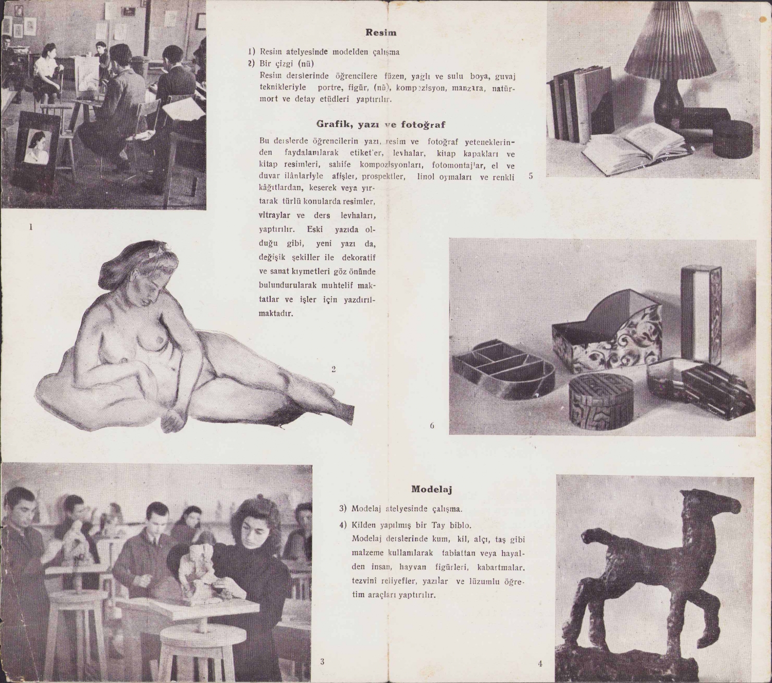Gazi Terbiye Enstitüsü Resim-İş Şubesi Öğrenci Sergisi broşürü, katlamalı 4 yaprak, 12x22cm
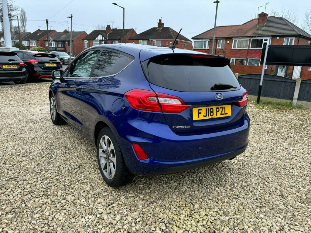 5 Service Stamps In The Book - Last Serviced November 2025 - Mot Nov 2026 With No AdvisoriesThis 2018 Ford Fiesta Titanium boasts a clear vehicle history, offering you peace of mind. This popular hatchback is equipped with a 1.0L petrol engine and meets Euro 6 emissions standards. Inside, you'll find the Ford Navigation System featuring Ford SYNC 3, which seamlessly integrates with both Apple CarPlay and Android Auto, allowing you to connect your smartphone with ease. The NCAP Pack includes automatic headlights, which switch on and off by themselves and can also manage high beam functionality. For your comfort, the Electronic Automatic Temperature Control air conditioning ensures a pleasant cabin environment.The Ford Fiesta Titanium is designed to impress with its efficiency and performance. It achieves an impressive fuel economy of up to 60 miles per gallon, a figure that highlights its cost effectiveness compared to many other vehicles. Furthermore, its low CO2 emissions contribute to a more environmentally friendly drive. When it comes to acceleration, this Fiesta can reach 0 to 62 miles per hour in just 10.0 seconds, demonstrating a responsive and engaging driving experience that sets it apart from similar models.. 16in Alloy Wheels - 10 Spoke, 3-Spoke Leather Trimmed Steering Wheel with Audio Controls, 4.2in TFT Instrument Cluster Screen, ABS - Anti-lock Braking System, Air Conditioning - Electronic Automatic Temperature Control - EATC, Airbags - Driver, Airbags - Front Passenger, Airbags - Front and Rear Side Curtain, Airbags - Side Curtain, Airbags - Side Impact, Automatic Rain Sensing Wipers and Auto-Dimming Rear View Mirror, Centre Console with Armrest and Illuminated Cupholders, Chrome Belt Line Finisher, Chrome Upper Grille, Courtesy Light - Ambient LED Courtesy Lighting, Courtesy Light - Front Map Light and Rear - Overhead LED, Cruise Control, Door Handles - Body Colour, Door Lever - Chrome Finish, Driver Alert, Drivers Seat Lumbar Support, EBD - Electronic Brakeforce Distribution, Electrically-Operated Front Windows with One Touch Drivers, Electronic Stability Control - ESC with Traction Control and Emergency Brake Assist - EBA, Electronic Stability Programme - ESP with Hill Start Assist, Floor Mats - Front and Rear - Velour, Ford Easy Fuel System, Ford Navigation System with Ford SYNC 3 - Apple CarPlay and Android Auto, Front Bumper - Body Colour, Front Fog Lamps with Cornering Lights, Gearshift Knob - Leather-Trimmed, Glovebox - Illuminated, Headlights - Automatic High Beam Assist, Headlights - Automatic On-Off and Highbeam, Headlights - Halogen Projector with Black Bezel and Dedicated LED Daytime Running Lights, Headliner - Woven, IPS - Intelligent Protection System, Leather-Trimmed Handbrake, Manual Drivers Seat Height Adjustment, MyKey, NCAP Pack, Overhead Console - Sunglasses Holder, Power Folding Door Mirrors with Puddle Lights, Power Steering, Quickclear Heated Windscreen, Rear Bumper - Body Coloured Upper and Self Colour Lower, Rear Fog Lamps, Rear Lights - LED Night Signature, Rear Privacy Glass, Rear Seat - 60-40 Split Back and Cushion, Rear Spoiler - Body Colour, Remote Central Locking and Engine Immobiliser, Seats - Front Comfort Style, Steering Column - Rake and Reach Adjustment, TSR - Traffic Sign Recognition, Tailgate Wash-Wipe, Thatcham Alarm, Trip Computer, Tyre Pressure Monitoring System - TPMS, Tyre Repair Kit, Warning Triangle Storage.
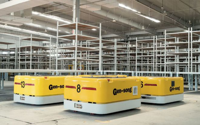 合肥井松為上汽通用東岳打造的倉(cāng)儲(chǔ)項(xiàng)目,整個(gè)倉(cāng)庫(kù)共有貨架956個(gè),每個(gè)貨架5層,可以存放料箱34416個(gè),貨物種類(lèi)與吞吐流量極為龐大。井松為倉(cāng)庫(kù)布置了21臺(tái)視覺(jué)紋理導(dǎo)航機(jī)器人來(lái)實(shí)現(xiàn)整個(gè)倉(cāng)庫(kù)的自動(dòng)化搬運(yùn),通過(guò)中央調(diào)度系統(tǒng)進(jìn)行智能分析,合理調(diào)配每一臺(tái)機(jī)器人完成各種物料的進(jìn)出。
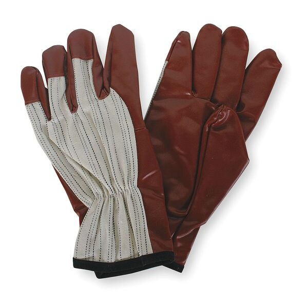 Nitrile Coated Gloves, Palm Coverage, White/Russet, M, PR
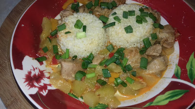 Polecam pyszny gulasz z indyka podany z kaszą jaglaną.
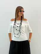 Maglia in cotone, manica a 3/4 e scollo a barca, orli a taglio vivo.
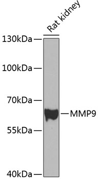 Western blot analysis of extracts of Rat kidney, using MMP9 antibody.
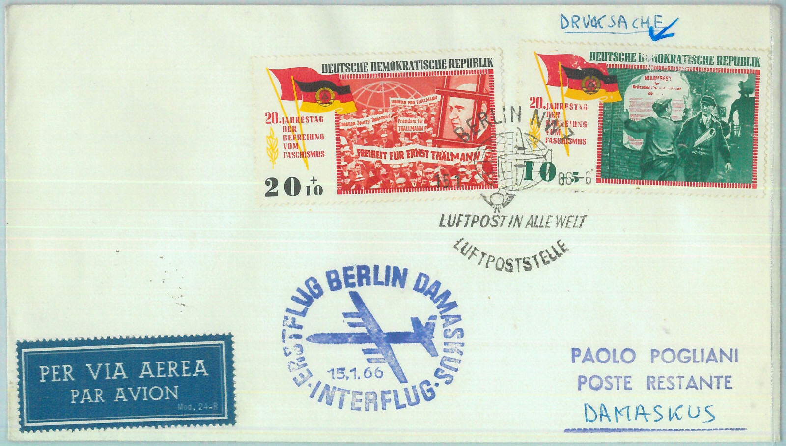 83175 – GERMANY DDR – Postal History – FIRST FLIGHT: Berlin – DAMASCUS
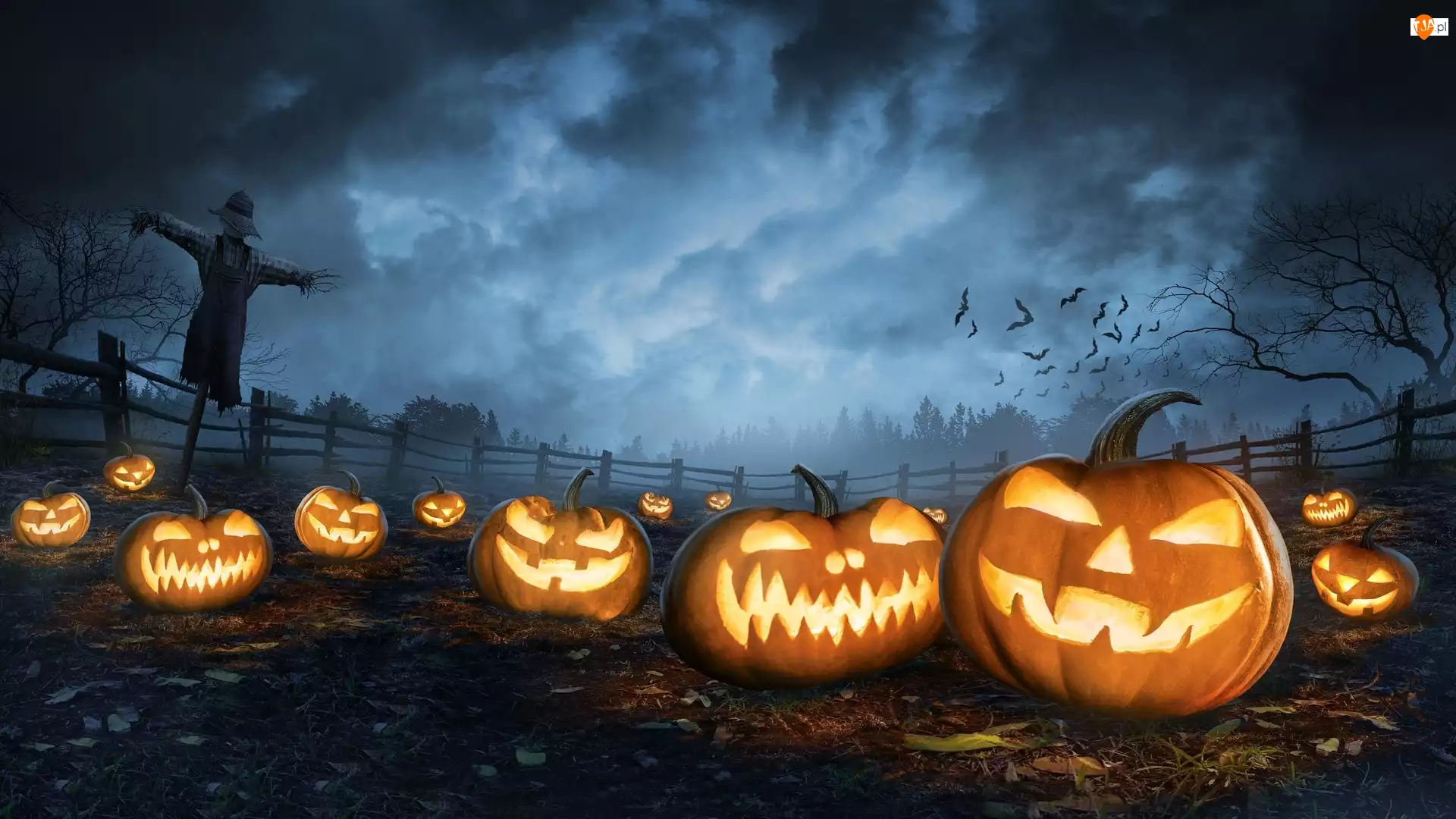 Pole, Grafika, Dynie, Latarnie, Halloween
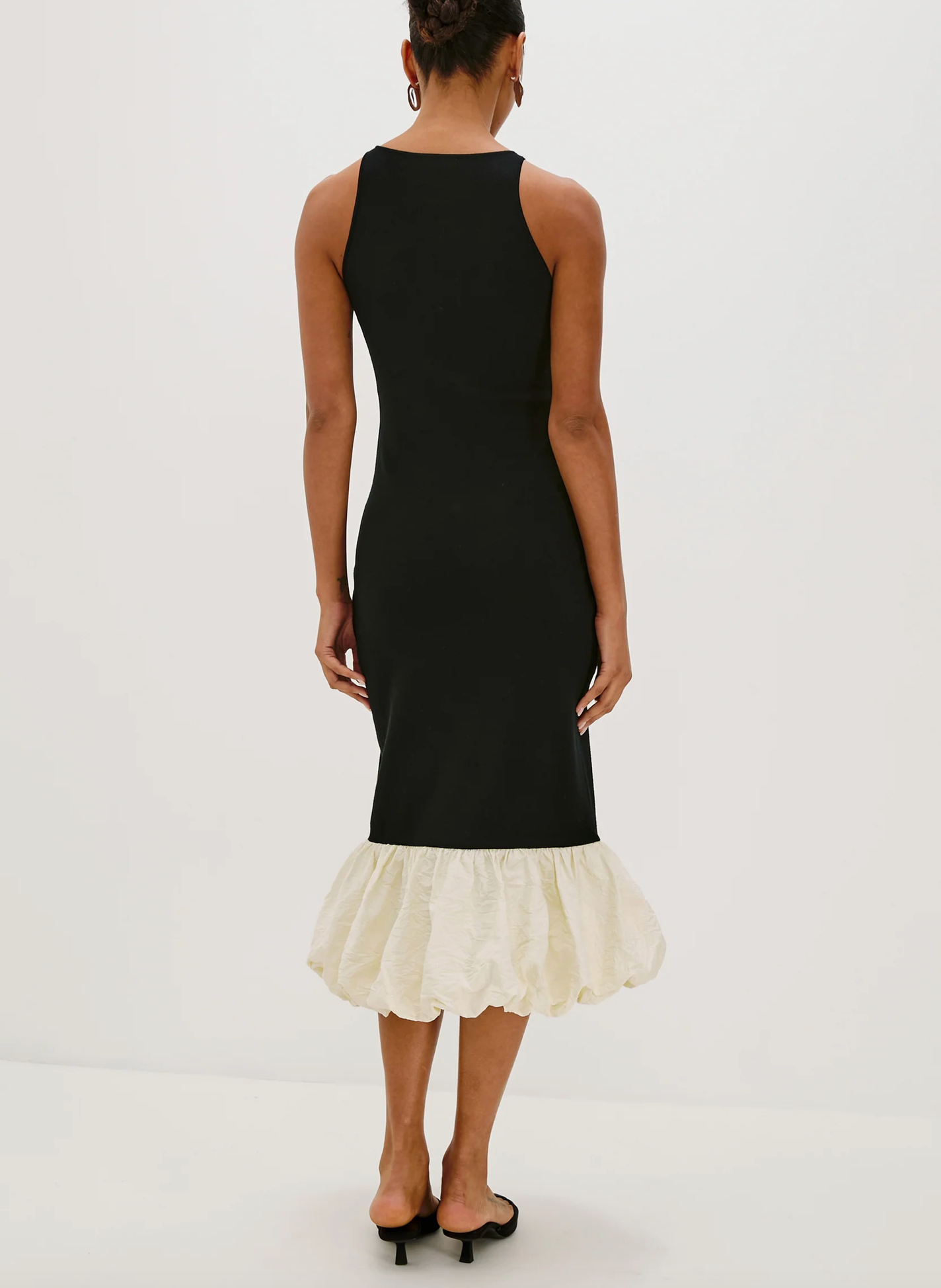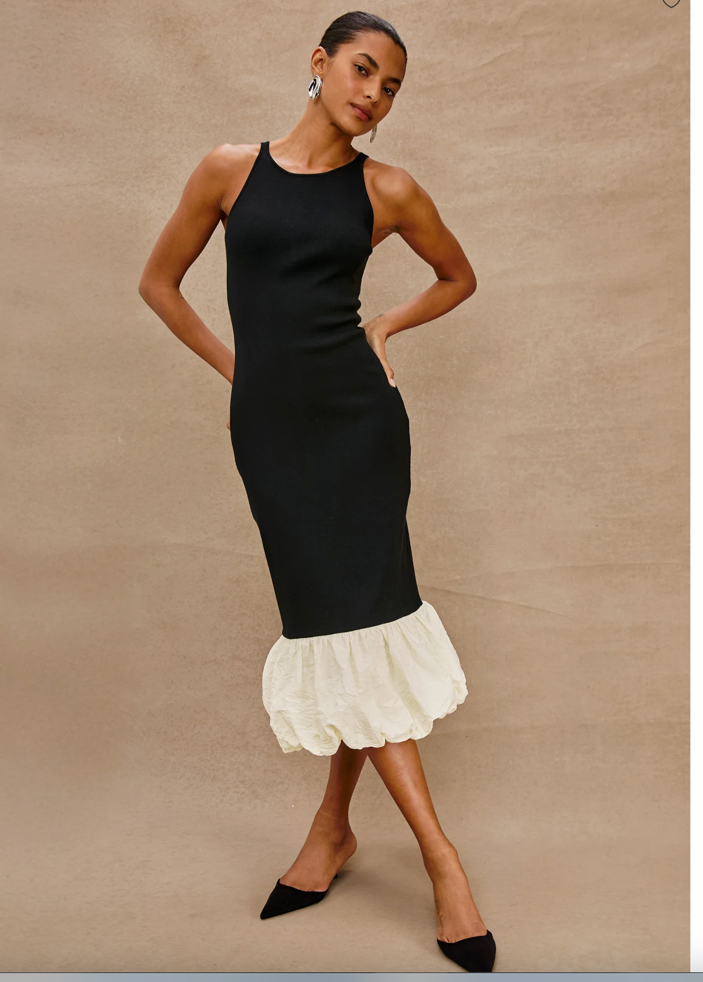 The Cheryl is a maxi-length dress with standout details. It features a fitted top crafted in a fine-gauge sweater knit and a contrast bubble hem in cotton poplin.
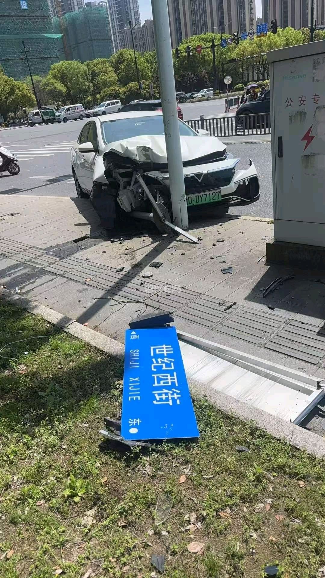 一辆电车撞电线杆子,车头严重变形,路牌掉落地上
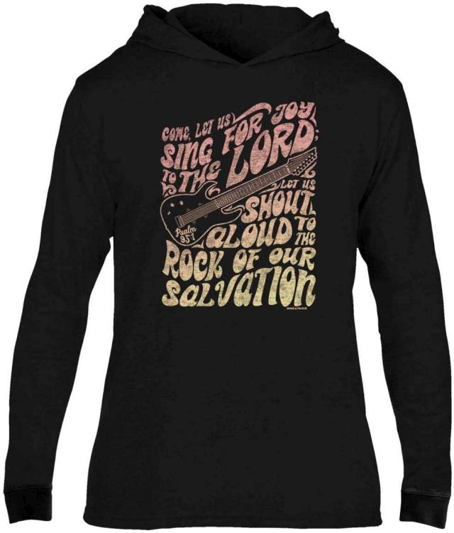 Rock on in Jesus name in this cool Sing For Joy Hooded T-Shirt by grace & truth in Black. This Hooded T-shirt is perfect for layering and will remind you of your favorite concert Tee. You ll want to wear it again and again!
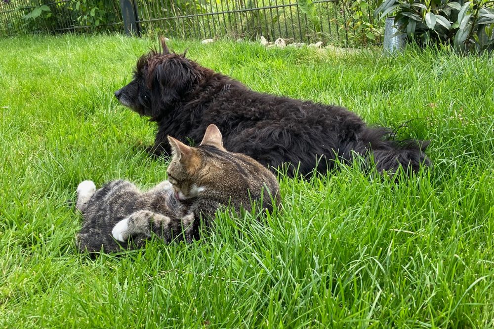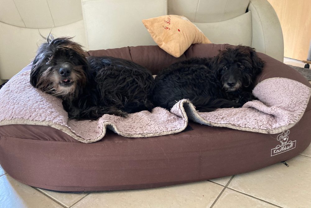 Dann erkrankte das gütige Tier an Demenz. Er drehte sich bei Spaziergängen unvermittelt um und wechselte die Richtung. Dies veranlasste uns, wieder eine Hündin aus dem Tierschutz aufzunehmen. Mit Tasha bekam Sancho wieder eine Freundin, die ihm Orientierung gab. Er lebte noch einmal für zwölf Monate auf. Doch dann kam der Moment der Entscheidung, ihn nicht leiden zu lassen.
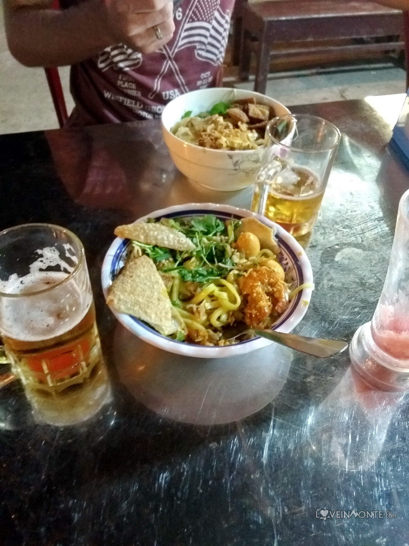 Мы пробовали Mì Quảng и Cao Lau, оба представляют собой огромную супницу-салатник, где вы найдете: лапшу, какой-то белок (это может быть курица, свинина, говядина, морепродукты, яйцо), кучу зелени, орешки, интересный соус (на дне чаши, обязательно перед употреблением перемешайте) и хрустящие чипсы.
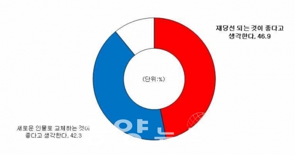 '재당선 되는 것이 좋다고 생각한다' 46.9%, '새로운 인물로 교체하는 것이 좋다고 생각한다' 42.3%. '잘모름' 10.9%.
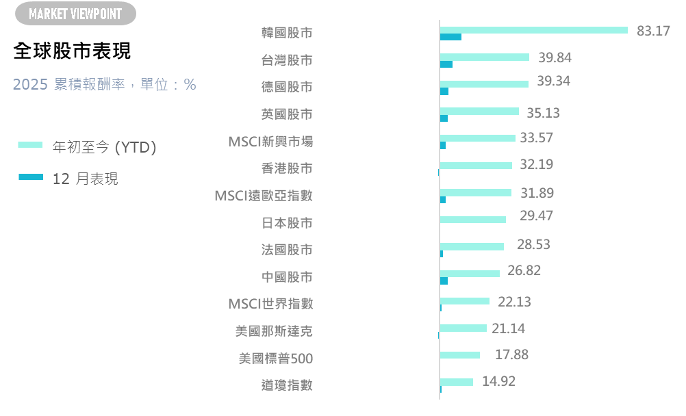 美國方面,政府於 11 月中結束停擺後,統計機構開始追補延遲數據,但第四季經濟數字仍偏雜訊,市場在評估景氣與聯準會政策時,更重視企業財報、PMI 與就業等私部門指標;12 月降息一碼,有助穩定整體風險資產評價。台灣與部分亞股在 AI 供應鏈帶動下表現相對具韌性,歐股則受利率見頂與評價偏低支撐,資金開始尋找價值與高股息標的,全球股市風格從單一 AI主線,轉向更重視品質與獲利能見度的結構性輪動。
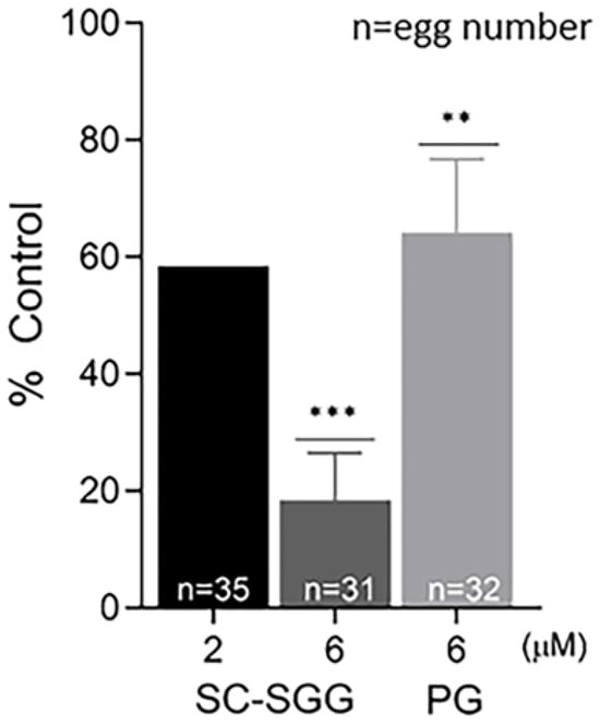 Pretreatment of sperm with SC-SGG reduces their ability to fertilize eggs. Capacitated Percoll gradient-centrifuged (PGC) sperm resuspended in KRB-0.03% BSA (>90% motile with hyperactivated motility patterns) at 10 million sperm/mL were treated with 0, 2 and 6 µM SC-SGG or 6 µM PG (37 °C, 5% CO2, 15 min). Capacitated PGC sperm treated with 0 µM SC-SGG (untreated) served as controls. After removing excess SC-SGG and PG from sperm by low-speed centrifugation, one million of these sperm were added into 500 µL of KSOM-0.03% BSA in a culture plate containing untreated eggs (10–15 eggs). The gamete co-incubation duration (2 h) in the culture plate, the washing of excess unbound sperm from the sperm–egg complexes and further culturing (another 4 h) of the sperm–egg complexes in droplets of KSOM-0.1% BSA-AA were performed following the same procedures as described in Figure 4. The presence of two pronuclei in each egg, as the indication of successful fertilization, was then assessed. The in vitro fertilization rates of the gamete co-incubates with sperm pretreated with 6 µM SC-SGG or 6 µM PG were reported as means ± SDs of percent control from three replicate experiments. ANOVA was performed on the raw data (% eggs fertilized) among untreated control samples and those with sperm pretreated with 6 µM SC-SGG or 6 µM PG. **, *** denote p < 0.01 and 0.001, respectively. However, experiments with sperm pretreated with 2 µM SC-SGG were performed twice, and the average of their percent control was reported. n = total number of eggs in all replicate experiments.

===============

Starting at the line with "Мы пробовали Mì", write out every line exactly through the final line of the records above, both included, and skip the pictures.

Exercise output =>
 Мы пробовали Mì Quảng и Cao Lau, оба представляют собой огромную супницу-салатник, где вы найдете: лапшу, какой-то белок (это может быть курица, свинина, говядина, морепродукты, яйцо), кучу зелени, орешки, интересный соус (на дне чаши, обязательно перед употреблением перемешайте) и хрустящие чипсы.
 '재당선 되는 것이 좋다고 생각한다' 46.9%, '새로운 인물로 교체하는 것이 좋다고 생각한다' 42.3%. '잘모름' 10.9%.
 美國方面,政府於 11 月中結束停擺後,統計機構開始追補延遲數據,但第四季經濟數字仍偏雜訊,市場在評估景氣與聯準會政策時,更重視企業財報、PMI 與就業等私部門指標;12 月降息一碼,有助穩定整體風險資產評價。台灣與部分亞股在 AI 供應鏈帶動下表現相對具韌性,歐股則受利率見頂與評價偏低支撐,資金開始尋找價值與高股息標的,全球股市風格從單一 AI主線,轉向更重視品質與獲利能見度的結構性輪動。
 Pretreatment of sperm with SC-SGG reduces their ability to fertilize eggs. Capacitated Percoll gradient-centrifuged (PGC) sperm resuspended in KRB-0.03% BSA (>90% motile with hyperactivated motility patterns) at 10 million sperm/mL were treated with 0, 2 and 6 µM SC-SGG or 6 µM PG (37 °C, 5% CO2, 15 min). Capacitated PGC sperm treated with 0 µM SC-SGG (untreated) served as controls. After removing excess SC-SGG and PG from sperm by low-speed centrifugation, one million of these sperm were added into 500 µL of KSOM-0.03% BSA in a culture plate containing untreated eggs (10–15 eggs). The gamete co-incubation duration (2 h) in the culture plate, the washing of excess unbound sperm from the sperm–egg complexes and further culturing (another 4 h) of the sperm–egg complexes in droplets of KSOM-0.1% BSA-AA were performed following the same procedures as described in Figure 4. The presence of two pronuclei in each egg, as the indication of successful fertilization, was then assessed. The in vitro fertilization rates of the gamete co-incubates with sperm pretreated with 6 µM SC-SGG or 6 µM PG were reported as means ± SDs of percent control from three replicate experiments. ANOVA was performed on the raw data (% eggs fertilized) among untreated control samples and those with sperm pretreated with 6 µM SC-SGG or 6 µM PG. **, *** denote p < 0.01 and 0.001, respectively. However, experiments with sperm pretreated with 2 µM SC-SGG were performed twice, and the average of their percent control was reported. n = total number of eggs in all replicate experiments.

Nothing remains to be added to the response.